Relics of the circumcision of Jesus

Reliquaries containing bodily parts of Jesus could be actually commonly found in Europe during the Middle Ages. As an example, at that time there were as many as 18 churches claiming possession of the Holy Prepuce of Jesus: in Italy, France, Germany, Belgium, etc.

Most of these relics were lost or destroyed during the Reformation or the French Revolution. The authorities of the Roman Catholic Church also began looking with great skepticism to these relics, as all of them were of very dubious provenance (to say the least). The cult of bodily parts of Jesus was discouraged and gradually felt into oblivion.

The last recorded occurrence of such a cult was in the Italian village of Calcata, Viterbo (near Rome), where the relic of the Holy Prepuce of Jesus was still paraded in the streets as recently as 1983. The practice ended, however, when thieves stole the jewel-encrusted case, contents and all.

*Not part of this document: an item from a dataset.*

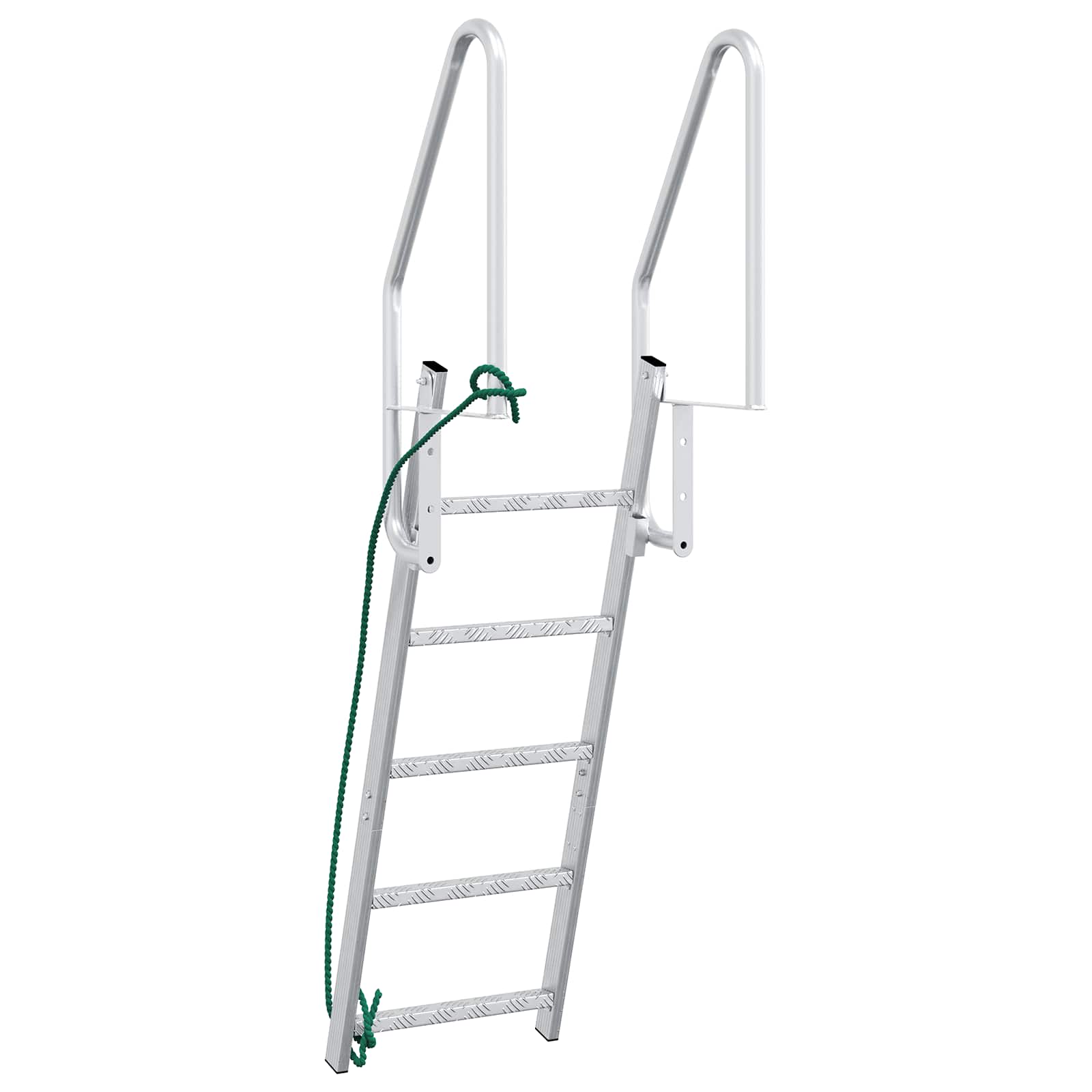 Tento přístavní žebřík vám poskytne bezpečný a praktický příístup k vaší lodi nebo molu. Moderní design vylepší vaše venkovní prostory a zajistí snadné nalodění a bezpečné sestupy. Možnost sklápění usnadňuje ukládání žebříku, k kdyby se zrovna nepoužíval.
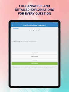 • Mock test: Various full tests let you familiarize yourself with test format. When you finish the test you will see your score and review all the questions.

The Circumcision of Jesus in Scholarship

That Jesus was circumcised is virtually certain from the historical point of view, even though nothing can be said about the circumstances of the event. If not circumcised, Jesus could not have performed the rituals of the Temple and should not have been bound to the obligations of the Mosaic Torah. The very fact that later Christian tradition tried to reinterpret the event as a sort of prophecy of the Passion--the first time that the blood of Jesus was shed at the hands of "the Jews"--shows that its memory still created embarrassment within a community that no longer required the ritual.

The Circumcision of Jesus in Fiction

The circumcision of Jesus was not an episode frequently visited in Christian iconography, where it overlapped with the more popular (and less controversial) Presentation of Jesus at the Temple. Besides, a correct depiction of the event would have required some familiarity with the Jewish ritual, which the rigid rules of separation between Christians and Jews made not easy to acquire. As a result, the iconography of the circumcision of Jesus often renounced any realism to stress its theological reinterpretation. The scene often ended to be more similar to a gruesome Passion scene (or to the Blood libel scene), than to the actual Jewish ritual.